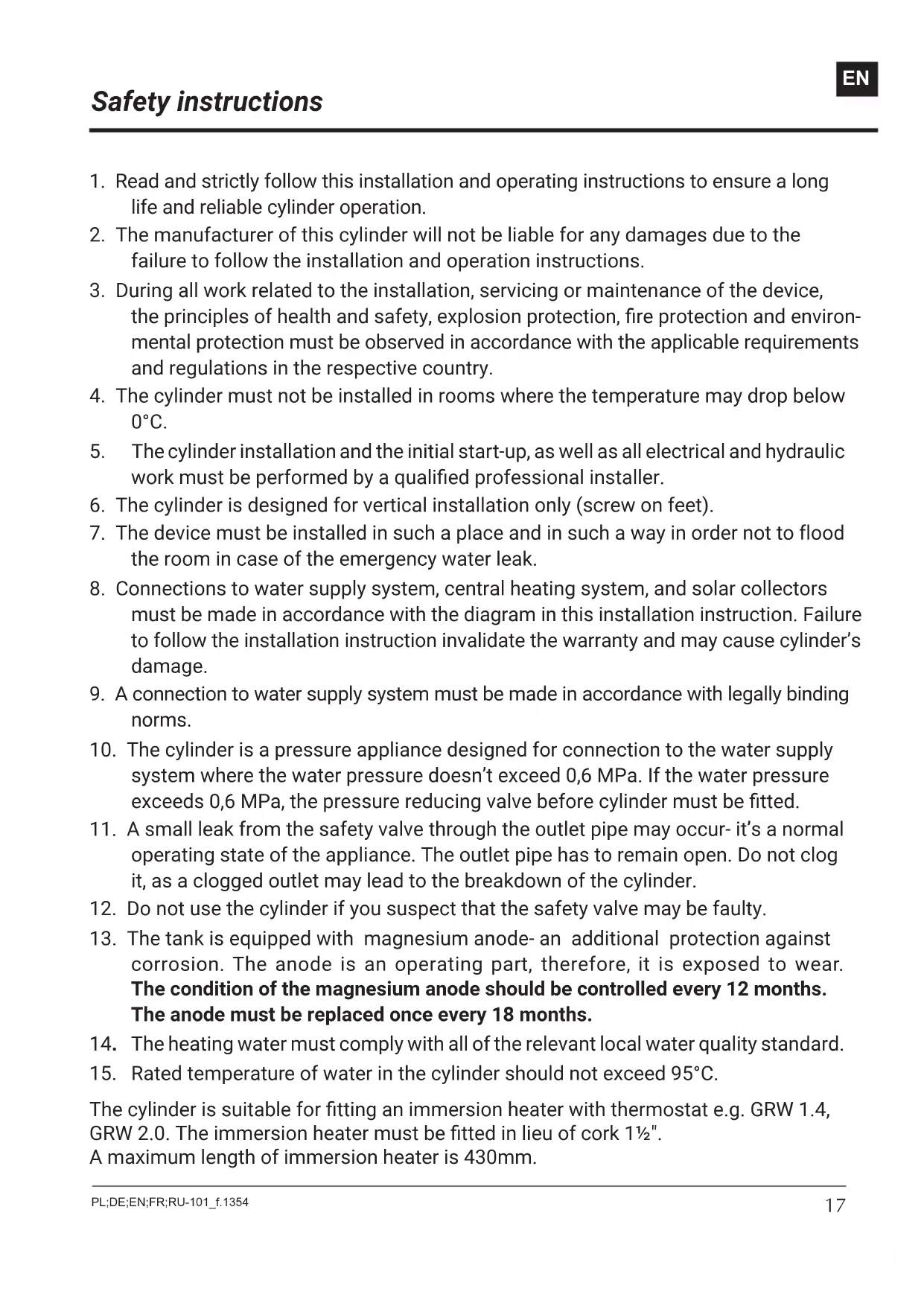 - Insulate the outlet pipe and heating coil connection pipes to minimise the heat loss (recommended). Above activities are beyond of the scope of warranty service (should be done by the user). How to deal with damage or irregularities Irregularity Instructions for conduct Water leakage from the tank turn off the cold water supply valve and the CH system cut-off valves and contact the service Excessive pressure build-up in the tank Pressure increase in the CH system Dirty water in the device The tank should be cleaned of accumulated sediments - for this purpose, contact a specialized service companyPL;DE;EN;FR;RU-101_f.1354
---+---
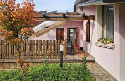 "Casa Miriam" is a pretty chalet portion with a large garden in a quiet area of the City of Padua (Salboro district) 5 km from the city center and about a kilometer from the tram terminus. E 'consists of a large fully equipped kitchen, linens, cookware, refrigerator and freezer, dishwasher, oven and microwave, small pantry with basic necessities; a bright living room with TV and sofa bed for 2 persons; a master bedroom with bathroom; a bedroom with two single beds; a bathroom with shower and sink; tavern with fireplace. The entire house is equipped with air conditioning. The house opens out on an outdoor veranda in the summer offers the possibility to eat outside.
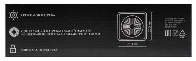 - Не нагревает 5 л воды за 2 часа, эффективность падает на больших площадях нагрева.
---+---
• **Exercise goal**:
Copy the listing above exactly, but only from the line with "to eat outside." through the line with "- Не нагревает", including those two lines and excluding any picture.

• **Answer for this exercise**:
 "Casa Miriam" is a pretty chalet portion with a large garden in a quiet area of the City of Padua (Salboro district) 5 km from the city center and about a kilometer from the tram terminus. E 'consists of a large fully equipped kitchen, linens, cookware, refrigerator and freezer, dishwasher, oven and microwave, small pantry with basic necessities; a bright living room with TV and sofa bed for 2 persons; a master bedroom with bathroom; a bedroom with two single beds; a bathroom with shower and sink; tavern with fireplace. The entire house is equipped with air conditioning. The house opens out on an outdoor veranda in the summer offers the possibility to eat outside.
 - Не нагревает 5 л воды за 2 часа, эффективность падает на больших площадях нагрева.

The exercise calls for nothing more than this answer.